So, is the finish the same on the Defender? Or is the glossy black something else? I haven't made any decisions yet, just wondering.


----------



## John N (Dec 28, 2005)

The E2e is not only a good light, but it is a benchmark that will change how you look at lights.

While any of the lights will work well in a jacket pocket, the E2e is significantly thiner, making it much better selection for jean pockets which are typically somewhat tight.

I would suggest the HAIII hard anodize, it holds up very well to use.

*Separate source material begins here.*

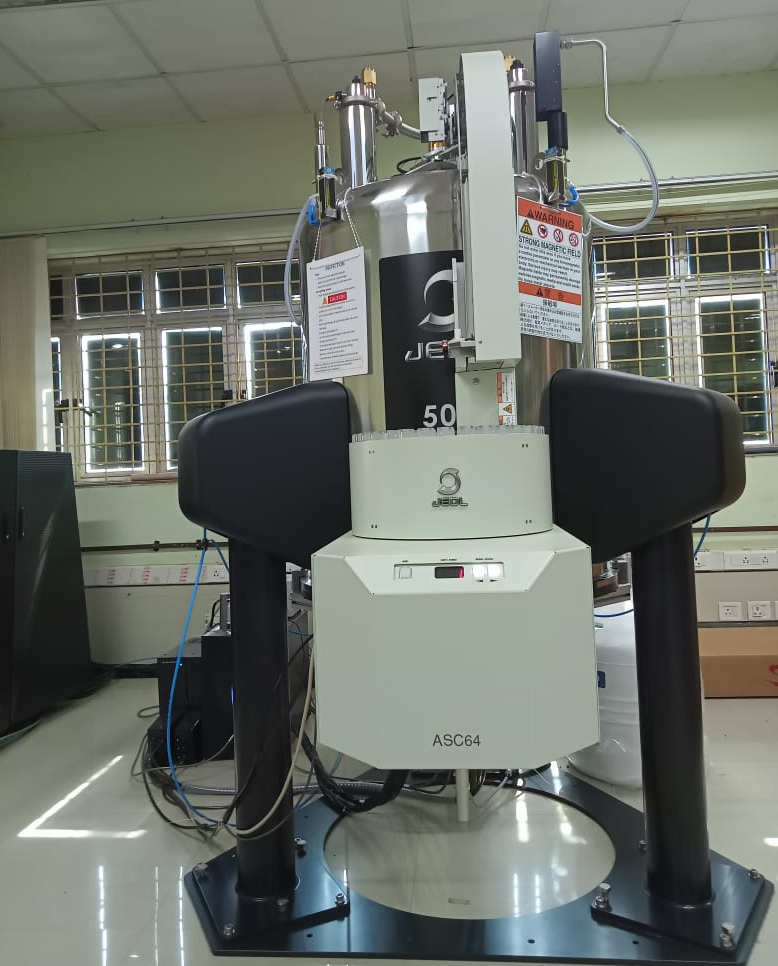 Major Specifications: Jeol JNM-60090 R5S1 is a two channel spectrometer. The frequency range from 10 MHz to 535 MHz. Room Temperature Shim, High Band amplifier (1H/19F): 100 W and low band (or Broad) band amplifier: 300 W, Gradient strength: 30 G/Cm @ 10 A. Superconducting Magnet 500/54 JJWS with central field 11.74 Tesla. Auto Tuning Unit Z. 64 vials Auto sampler unit along with 64 spinners.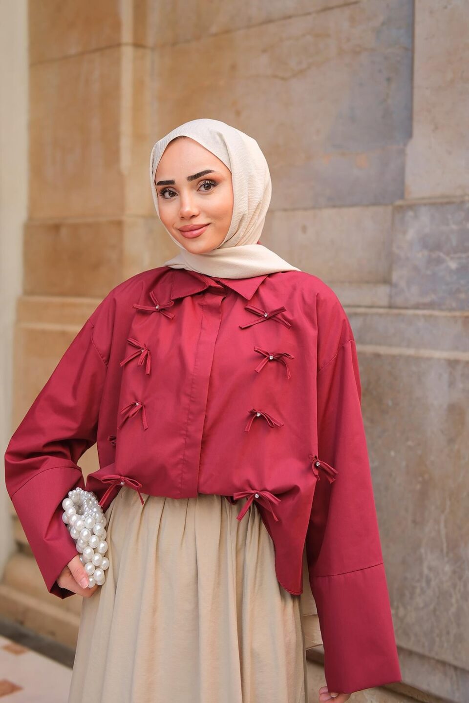 Arkası Katlı Büzgülü Gömlek

BTW, I think the E2d black is HAII, not HAIII. There have also been a few folks who have found the tailguard to be bothersome. Personally, I think the E2e is as close to perfection as it gets.

-john


----------



## George1 (Dec 28, 2005)

Another vote for a E2E to start. Good light and very modular. I also like the Kl1 head - good cell life and good throw.


----------



## oldgrandpajack (Dec 28, 2005)

John N said:


> ...BTW, I think the E2d black is HAII, not HAIII. There have also been a few folks who have found the tailguard to be bothersome. Personally, I think the E2e is as close to perfection as it gets.
> 
> -john






Hi John:

The Surefire E2D is HA III Black. Surefire calls the other black finish "Type II", as with the 6P or Z2, for example.

HA II doesn't exist.

oldgrandpajack


----------



## John N (Dec 28, 2005)

oldgrandpajack said:


> The Surefire E2D is HA III Black. Surefire calls the other black finish "Type II", as with the 6P or Z2, for example.
> 
> HA II doesn't exist.



Ah. I always thought "Type II" meant "HA II". My mistake. I guess I extrapolated from their statement about HAIII being "Military Specification Type III hard-anodized"1.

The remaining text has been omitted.